▸ What the exercise asks:
Go over the data below and say how many lines hold the word "Erholung". Only the number is needed.

______

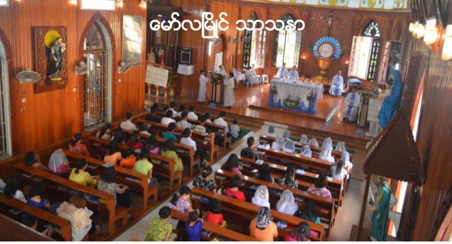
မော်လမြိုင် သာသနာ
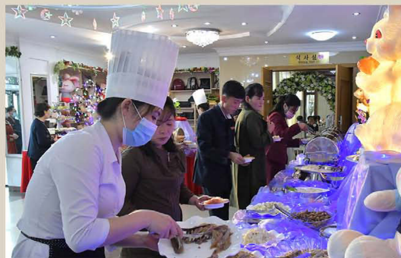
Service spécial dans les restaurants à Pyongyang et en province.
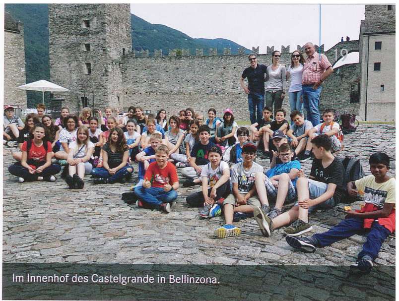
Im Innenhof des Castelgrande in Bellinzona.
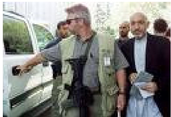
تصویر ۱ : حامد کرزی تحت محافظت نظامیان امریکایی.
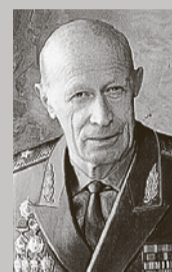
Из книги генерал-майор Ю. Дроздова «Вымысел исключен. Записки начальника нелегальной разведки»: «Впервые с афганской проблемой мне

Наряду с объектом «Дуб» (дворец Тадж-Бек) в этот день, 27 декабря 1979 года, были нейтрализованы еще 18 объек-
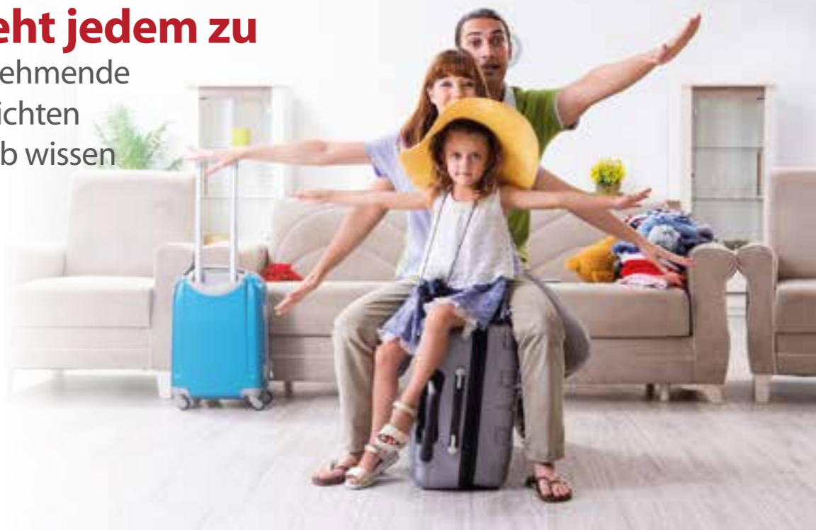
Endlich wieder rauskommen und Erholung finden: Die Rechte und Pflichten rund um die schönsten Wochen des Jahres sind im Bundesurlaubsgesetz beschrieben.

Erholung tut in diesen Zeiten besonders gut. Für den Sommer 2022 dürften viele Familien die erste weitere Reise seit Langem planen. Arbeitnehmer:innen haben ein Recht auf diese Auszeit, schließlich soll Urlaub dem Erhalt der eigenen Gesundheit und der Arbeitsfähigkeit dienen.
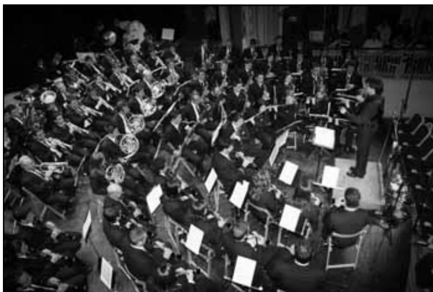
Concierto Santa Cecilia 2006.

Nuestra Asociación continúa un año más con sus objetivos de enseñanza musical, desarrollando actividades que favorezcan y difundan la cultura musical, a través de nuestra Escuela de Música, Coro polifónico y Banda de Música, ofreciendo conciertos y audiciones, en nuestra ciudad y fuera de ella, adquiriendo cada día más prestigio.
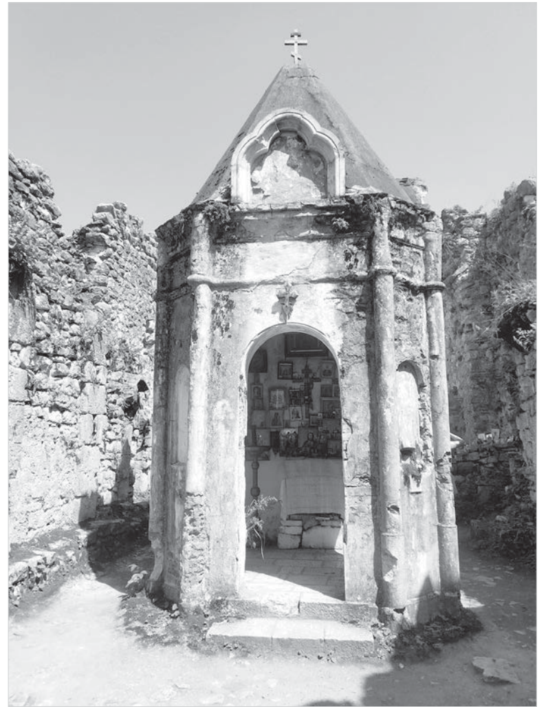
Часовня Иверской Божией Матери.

______

▸ Completed task:
2